# Hydor in-line heater on filter inlet?



## Siege (19 Dec 2019)

i know the traditional way to to place the inline heater is on the filter outlet.

But is there any reason why it can’t go on the filter inlet. Has anyone done this or can explain why it is not a good idea?

I would like to put it on the inlet and co2 inline on outlet. Tank is only running at 22 degrees.

Cheers

Steven

Ps. Is there any other inline heaters on the market? I only know of Hydor.


----------



## John S (19 Dec 2019)

I always ran mine on the inlet when I used it and CO2 on the outlet. No issues for me.


----------



## Tim Harrison (19 Dec 2019)

I tried it once, it's just more prone to getting gunged up and therefore not necessarily working as efficiently. 
If it helps I have both heater and atomizer on the outlet. Atomizer first and then heater.


----------



## Nuno Gomes (19 Dec 2019)

It tends to create air pockets more easily when it's placed on the inlet, but if you're careful when priming the filter and tilt the heater a bit to get all the air out there's no reason you cant do it.


----------



## Zeus. (19 Dec 2019)

Think its because heat raises so the heating should in theory be better if the flow is the same way so, plus theres the potential detritus as Tims says and post filter is cleaner OFC


----------



## Siege (19 Dec 2019)

Cheers guys,

I’ll try to leave it on the outlet and see if there’s room for co2 also.

If not I’ll give it a go on the inlet.


----------



## Tim Harrison (19 Dec 2019)

Not a pretty picture but this is how I've done it in quite a low height cabinet...


----------



## lazybones51 (20 Dec 2019)

I'm having the same dilemma. There's not much room in a 60p cabinet with a big canister filter, FE and inline CO2.


----------



## Matt @ ScapeEasy (24 Dec 2019)

Siege said:


> Ps. Is there any other inline heaters on the market? I only know of Hydor.



Just stumbled across the JBL Pro Temp


----------



## Andrew Butler (24 Dec 2019)

Siege said:


> explain why it is not a good idea?


one possible reason I've read, aside from getting gunked up is not reading correct temperatures (do they anyway?) however you can fix that easily by increasing the temperature on the heater and adding a separate controller such as an Elitech a brand widely used in marines. This one makes things easy as it's pre-wired and is sub £20, I use it on my titanium heaters and they've never failed. They just involve a small probe being added inside the aquarium to monitor heat which really is tiny.

*Check out the Elitech website where at the moment the are £15.99, free shipping and an extra 5% off if you add the code 'EXTRA5' as of 24/12/2019


----------



## jkh13 (24 Dec 2019)

Siege said:


> Ps. Is there any other inline heaters on the market? I only know of Hydor.

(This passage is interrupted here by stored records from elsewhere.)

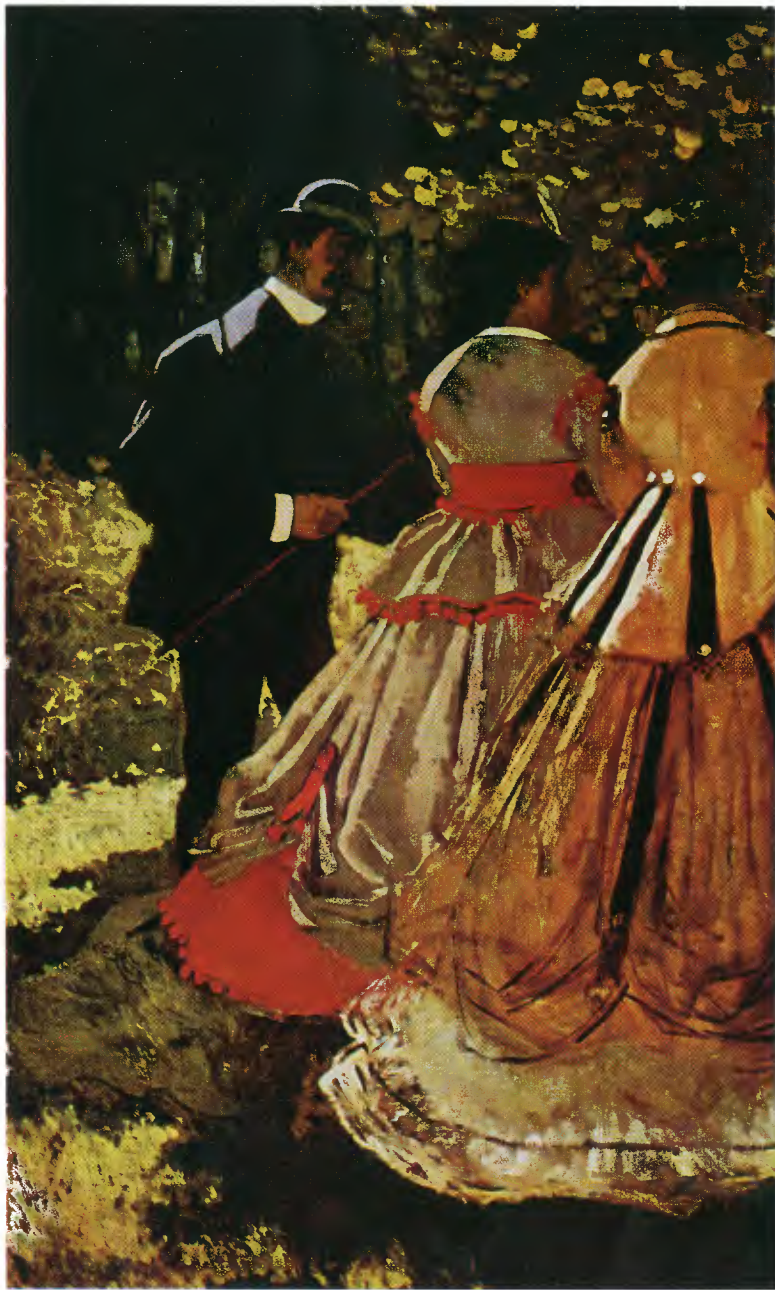
Claude Monet: Frammento del "Déjeuner sur l'herbe"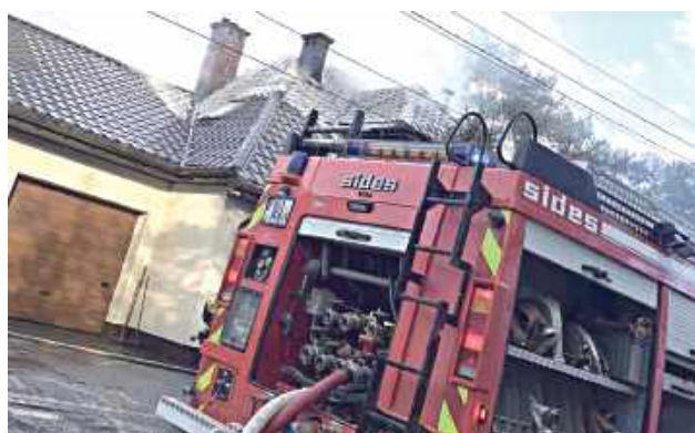
Sytuacja była poważna – pożar był już rozwinęty i wymagał natychmiastowej, intensywnej akcji gaśniczej

Do groźnego pożaru budynku mieszkalnego doszło 28 kwietnia wieczorem w Łaskarzewie. Ogień objął poddasze domu przy ul. Kardynała Stefana Wyszyńskiego. W działaniach gaśniczych uczestniczyło siedem zastępów straży pożarnej, a akcja trwała ponad dwie godziny.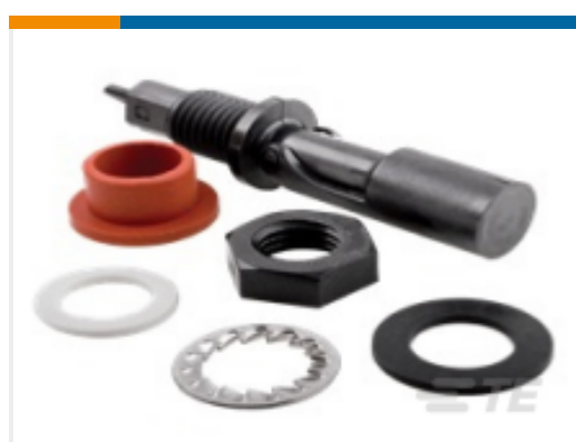
TE 产品编号80645-000 LS809-51 Liquid Level Sensor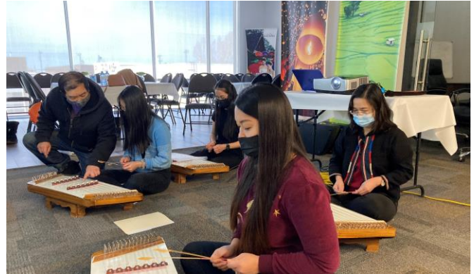
The first "khim" lesson was offered at the Thai Centre on Feb 26, 2022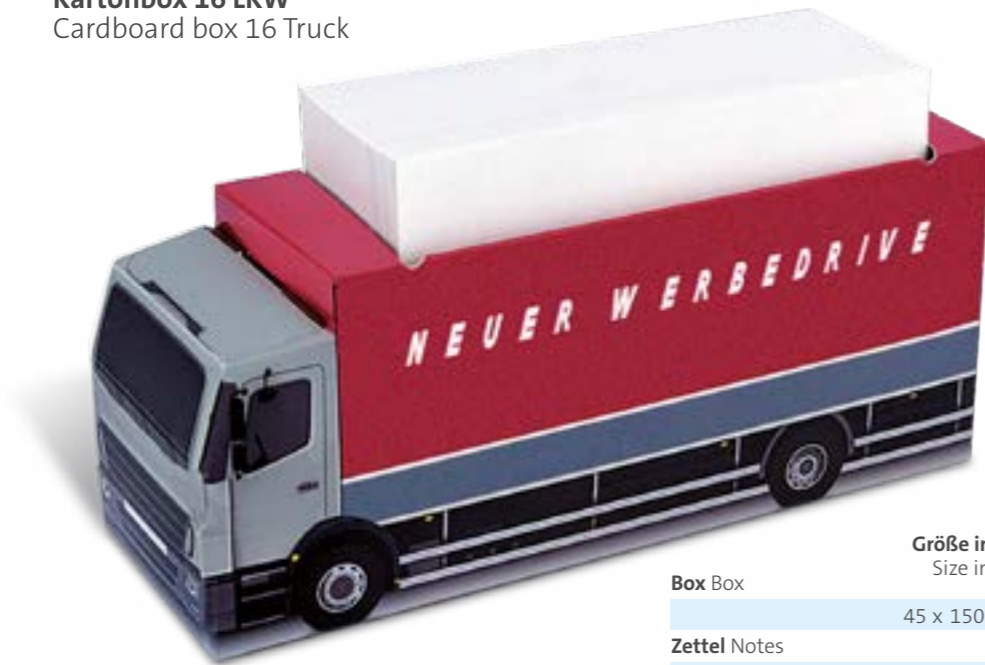
Kartonbox 16 LKW Cardboard box 16 Truck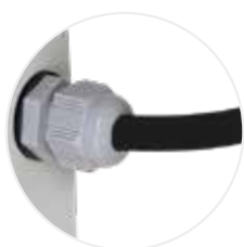
Passage des câbles PEXTBALI14 (option incluse avec PRISELI14)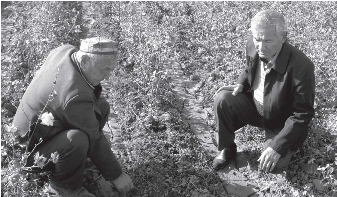
Кўзги башоқли дон экинлари парвариши ҳам маромида олиб борилмоқда. Бу эса майсаларнинг қишки тиним давригача туплаб олишига шароит яратмоқда.

Хўжалигимизда барча ишлар ўзимизнинг техникаларимиз, яъни занжирли, ишлов бериш, транспорт трактори, тиркамалар, плуг, чизел, борона ва бошқа механизмлар билан адо этилади. Тошкент вилояти ҳокимлиги томонидан юқори кўрсаткичларимиз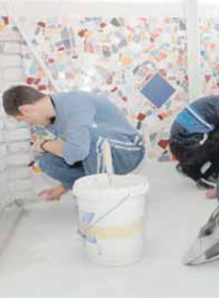
Занатлије лакше долазе до посла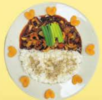
컵밥(오징어, 불고기, 치킨, 김치)

김치, 깍두기, 나박김치 맛은 어디서도 비교할 수 없는 맛을 자부합니다. *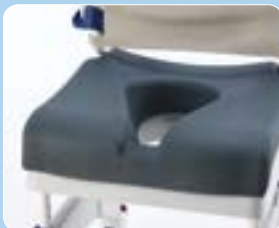
Sedile morbido ergonomico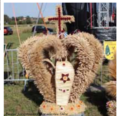
Korona przygotowana przez sekcję Odra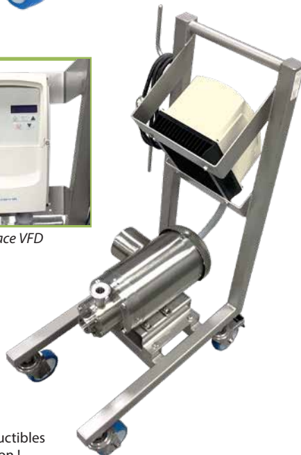
DS-215 modèle à l'échelle du laboratoire

Le DS-215 est conçu pour le développement de produits, la simulation et la mise à l'échelle. Des résultats prévisibles et reproductibles du laboratoire à la pleine production !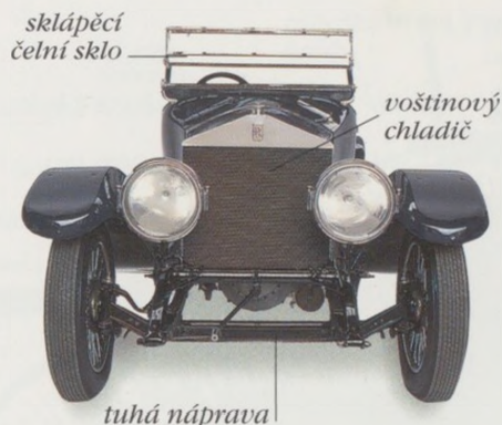
CESTOVNÍ ROLLS-ROYCE SILVER GHOST, 1913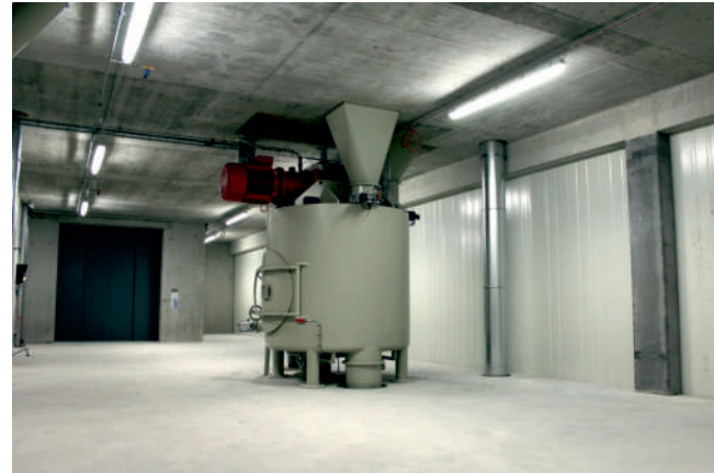
Moderner Mischer mit Platzreserve für 2. Linie.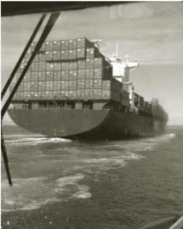
Porte-conteneurs vu d'un bateau pilote près de Brotchie Ledge, Victoria en Colombie-Britannique (2003)

œuvre des règlements pour décourager la concurrence pour l'entreprise ayant précédé Air Canada, Lignes aériennes Trans-Canada.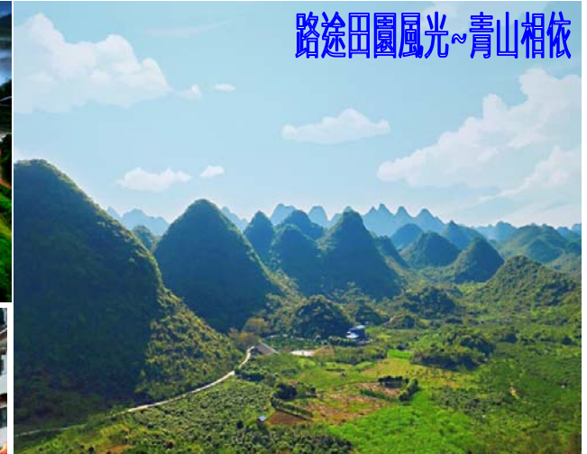
路途田園風光~青山相依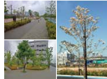
新たに整備された気持ちのいい緑道

鹿島田跨線橋から三菱ふそうの工場横までの約1kmの道は、両側に二百数十本のハナミズキが植えられていて、気持ちの安らぐ素晴らしい景観です。この道は旧鶴見操車場の再開発に合わせて新たにできました。歩道の幅が広く歩き易いつくりになっているので、のんびりとした散歩ができます。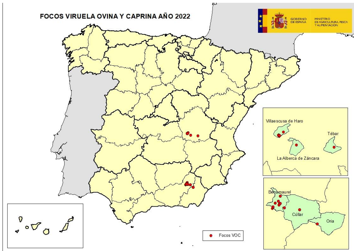
Mapa 2: Localización de las explotaciones afectadas por VOC en España

En total se han confirmado en España hasta la fecha, un total de veintitrés focos de la enfermedad: doce en la provincia de Granada, uno en la provincia de Almería, y diez en la provincia de Cuenca (ver mapa 2).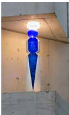
Skulpturen rakt framifrån.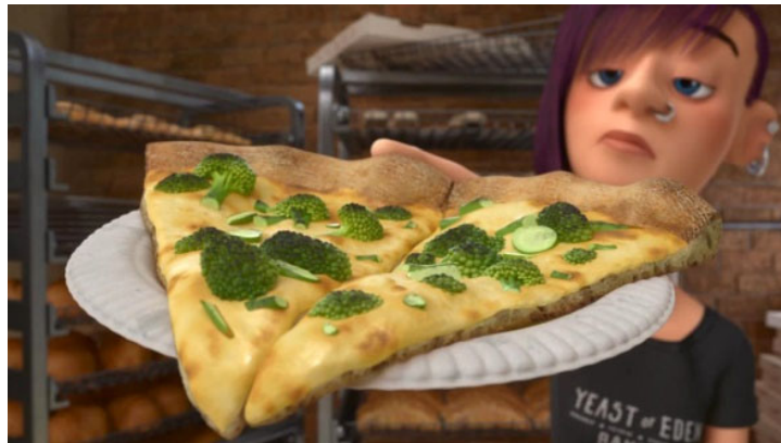
Foto 9. San Francisco'ya özgü brokolili pizza

Yer ile kurulan ilişkide kaynak ve hedef bölge arasındaki farklılıklar da etkili olmaktadır. Farklılıklar ne kadar fazla ise yer ile kurulan ilişki süreci o kadar zorlaşmaktadır. Filmde farklılık brokolili pizza sahnesinde karşımıza çıkmaktadır (Foto 9). Karnı acıkan Riley pizza yemek için annesi ile dışarı çıkar. Ancak hayatında ilk defa sadece brokolili pizza yapan bir dükkâna gider ve pizzayı yiyemez. Tiksinti ve öfke duyguları ile dolar. Farklılıklar hem Minnesota'ya özlem duymasına sebep olmakta hem de San Francisco ile kurulan ilişki sürecini uzatmakta ve zorlaştırmaktadır.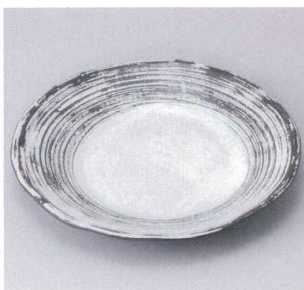
213-302-5 2,850円 粉引くしめ8.0皿(25×3) 501120205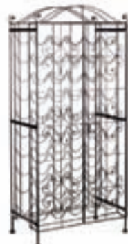
VINREKKI verð 15.900,- nú 6.360,-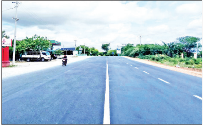
စစ်ကိုင်း-မုံရွာ (လေးလမ်းသွား) ကတ္တရာကွန်ကရစ်လမ်းကို တွေ့ရစဉ်။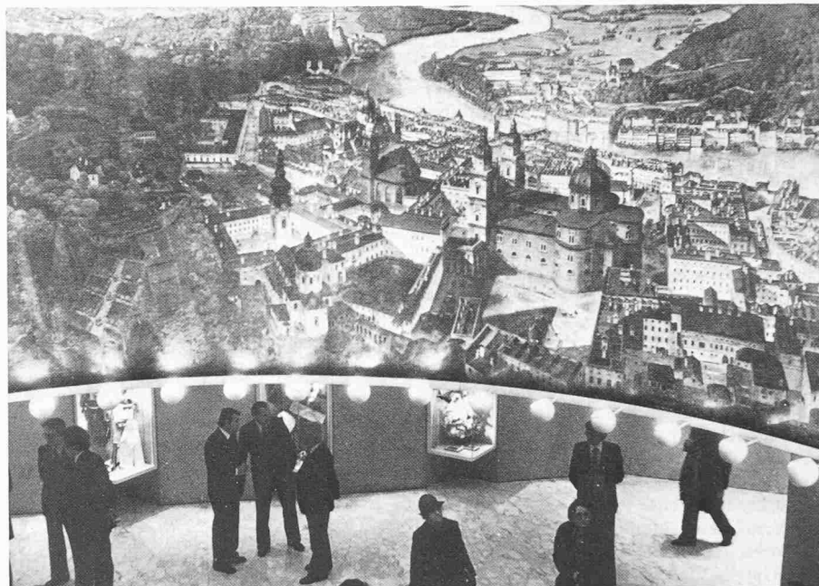
Das «Sattler-Panorama» von 1825, ein prachtvolles Rundgebäude der Stadt Salzburg, wurde in den neuen Bau geschickt integriert

die jedes Ambiente entbehrenden Restaurantsäle des neuen «Winkler».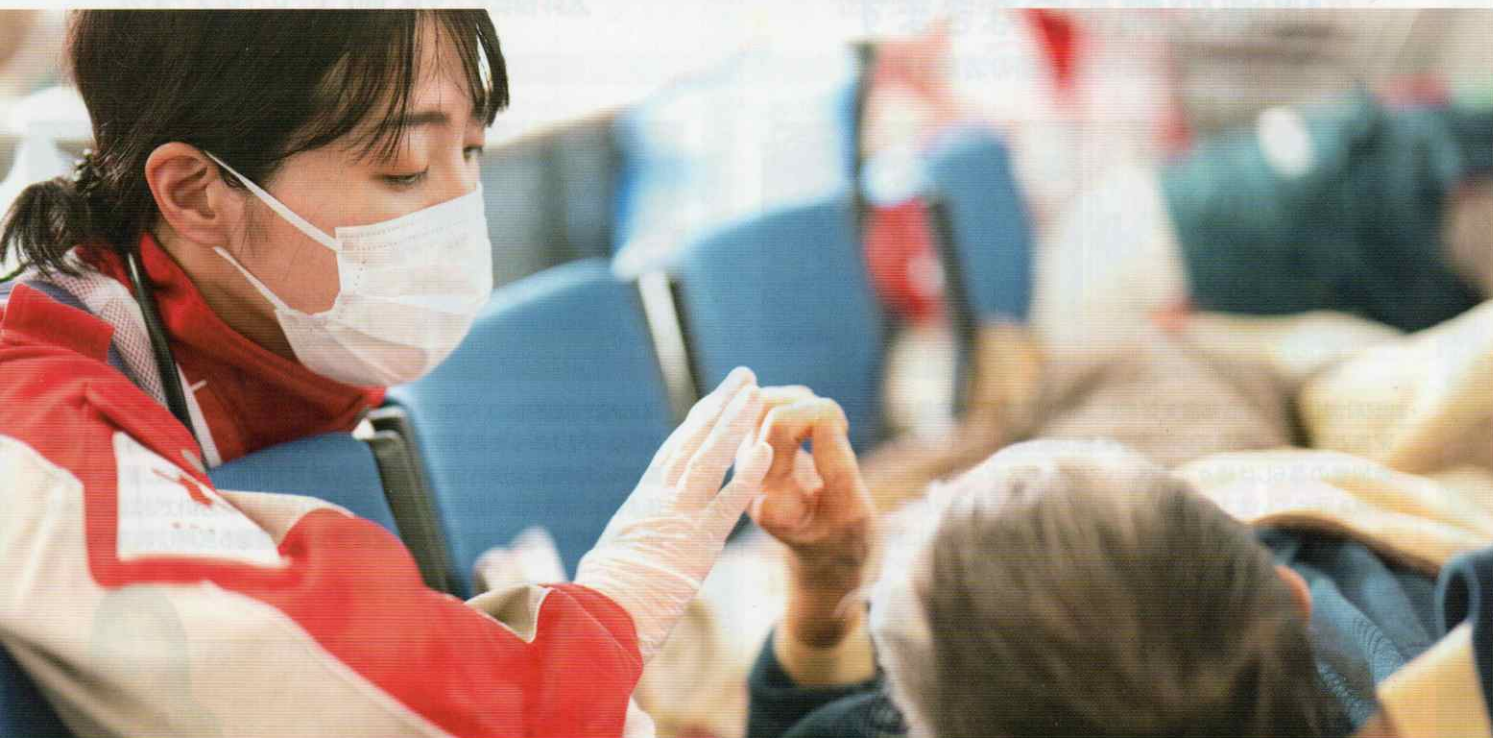
写真:被災された方の手を取る救護班(令和6年能登半島地震)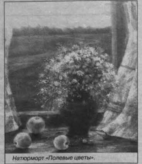
Натюрморт «Полевые цветы».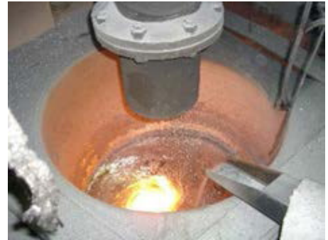
应用后： Pyrotek 的 LOTUSS 系统连续沉熔废料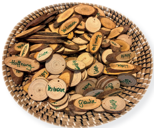
Kleine Baumscheiben als Erinnerung und Trostspender für die Teilnehmer und Teilnehmerinnen der Gedenkfeier

Ein herzliches Dankeschön gilt allen, die an der Gedenkfeier teilgenommen haben, sowie den engagierten ehrenamtlichen Helfer:innen, die mit viel Herz und Einsatz dazu beigetragen haben, diesen Tag würdevoll zu gestalten.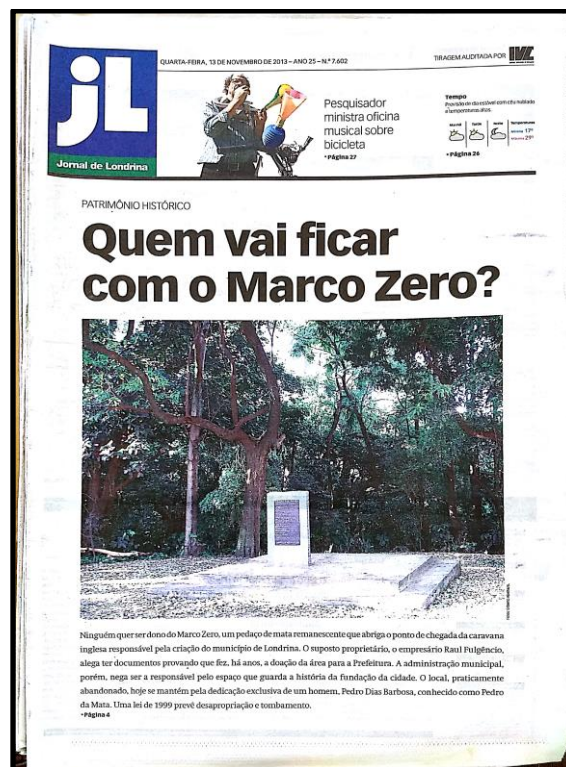
Figura 10 – Capa do JL do dia 13 de novembro de 2013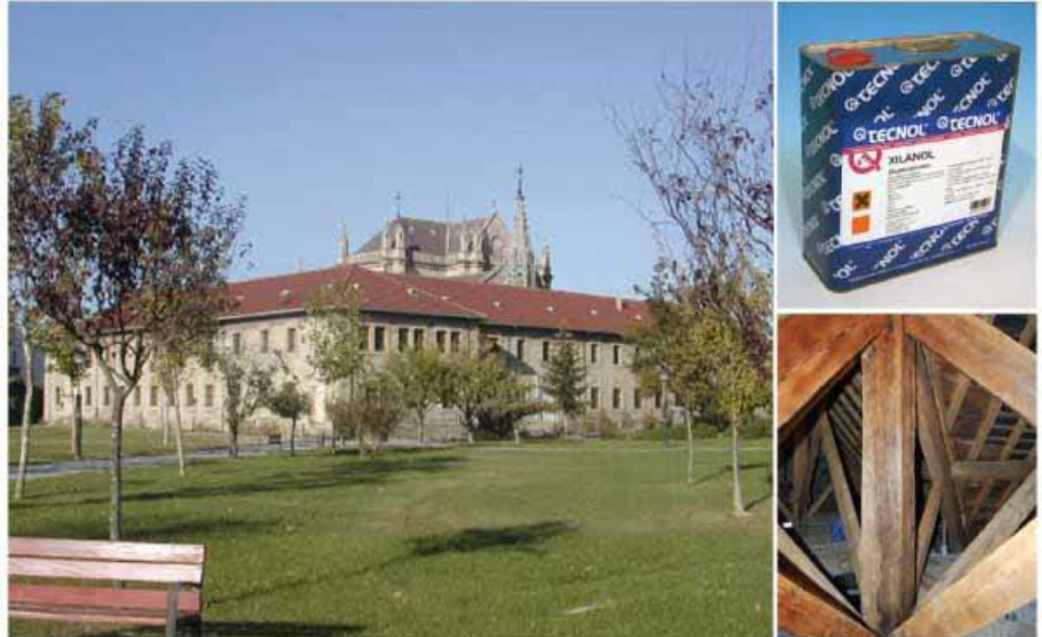
Convento de Betoño, situado en la ciudad vasca de Vitoria, y detalle de las vigas de madera que se trataron con el producto TQ XILANOL.

Para ello, en el proceso de protección de la madera se aplicó TQ XILANOL como protector anticarcoma. TQ XILANOL es un barniz a base de resinas acrílicas que embellece la madera, penetrando en el interior realizando de esta forma, el veteado de la misma .

There are these Chinese ones you can find on eBay for around £20. ETH300 or something. No idea whether they are good or not.


----------



## Ed Wiser (24 Dec 2019)

JBL has a model coming out in February 

http://www.jbl.de/en/products/detail/8742/jbl-protemp-e300


----------



## alto (25 Dec 2019)

Siege said:


> any reason why it can’t go on the filter inlet


Pump design - this will shorten filter pump life
(though perhaps the ADA pumps are atypical - contact tech support )


----------



## Deleted member 18375 (27 Feb 2020)

did you ever do this? was looking at something like this in the future


----------



## Siege (27 Feb 2020)

Hi.

yes have set it up this way on both ADA and Eheim filters. Seems to be working fine on both.

only concern is long term it may reduce the heaters lifespan due to dirt build up.


----------